Scream

This is a copy of my very first published story, first acceptance letter, first thrill of writerly victory. Sadly, the website, Fiction365 has folded, so I present the story here for posterity.

“A Scream For the Dying”

They say that no one on Earth screamed before they died, that nature would never create such an anti-Darwinian model. But no one alive today ever lived on earth, so I have my doubts.

This is the price the planet Mira asks us to pay, it’s said. Mira needs to be satiated. I’m waiting for them to create a God to lay the blame on, but for now Mira is our God. After all, she gave us shelter when the bloated sun kicked us out. She gave us life.

I often wonder what existence would be like if we died quietly, or at least expectantly. Some people do grow old. Mr. Walsh was over one hundred when he finally screamed. By then he was so decrepit his voice was little more than a rasp. Or so I was told.

The only scream I’d ever witnessed left an indelible mark. A young boy. Younger than me. I didn’t know his name. He just stopped, stared up at the yellow sky, and let loose. There was nothing anyone could do. Mira was calling him home.

I practice sometimes.

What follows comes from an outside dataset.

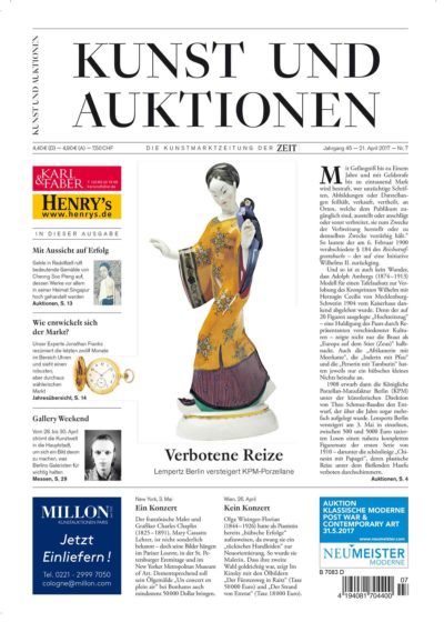 Bei Hassfurther gab die Frühlingsauktion Anlass zu bester Stimmung, als Rudolf Wackers „Der Maler. Selbstbildnis“ den Auktionsrekord für ein Gemälde des Österreichers deutlich nach oben setzte: 450.000 Euro waren geboten, als das auf 150.000 Euro geschätzte Werk von 1924 weitergereicht wurde und ein bemerkenswertes Ergebnis im Markt für Kunst der Neuen Sachlichkeit markierte. Auch die Kriegsansicht „Stellung im Gebirge“, die Herbert Boeckel 1916 in trügerisch harmonischer Weise komponierte, wurde mit 14.000 Euro Zuschlag deutlich über der Erwartung von 8000 Euro verkauft. Mit dem „Tiroler Dorfg / Auracher Kirchl“ und „Kitzbüheler Ski“ sind zwei Werke des sonst im Hause hoch gehandelten Alfons Walde nach der Auktion noch im Nachverkauf zu haben.

When I’m alone, or deep in the woods where no one would hear me and come looking for my body. I scream as loudly as I can, but it’s always my decision, so my scream ends when I need to take a breath. And I do — take a breath.

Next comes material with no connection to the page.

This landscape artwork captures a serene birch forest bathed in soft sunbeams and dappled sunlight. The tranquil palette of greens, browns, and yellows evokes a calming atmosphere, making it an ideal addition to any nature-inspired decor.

The debate is whether or not life is more or less cherished because we will go at any moment. In the most literal sense, we could be talking, one of us lets out a scream, and there’s not even time for goodbye. Personally, I’d rather know when I was going to die. Mr. Walsh led a full life, but did anyone ever ask him how the extra years of stressful anticipation felt? Was he relieved when he finally screamed?

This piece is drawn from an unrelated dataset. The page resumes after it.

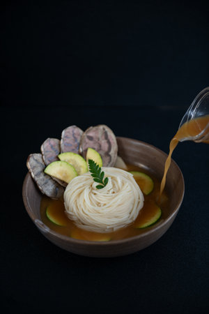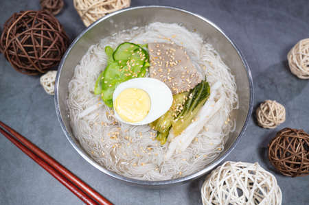 Korean food Cold Noodles, Mul-naengmyeon, close-up shot

I often tell my parents I love them, just in case. We hug. They tell me the same. Just in case. I hate living in fear … I listen to the radio. It distracts me.

I go to school. Everyone acts normally. Little Franklin, his father died yesterday. Franklin’s not here today. He’s the man of the house now. I wonder if I’ll see him again. The bell rings. I go home.

We continue searching for other habitable planets, but Mira is metal deficient, and the core is deep. Building a new ship will take time.

We limped to Mira, and she took us in. We’re happy to be alive. We’re farmers now. We’re settlers. We’ve been here three hundred years.

I’d like to be an astronaut when I grow up.

If I grow up.

I’m standing in front of my mirror, mouth agape in a silent prayer to Mira. I’m ready. She ignores me, for now, but someday I’ll be hers, and my arrival shall be heralded by my scream.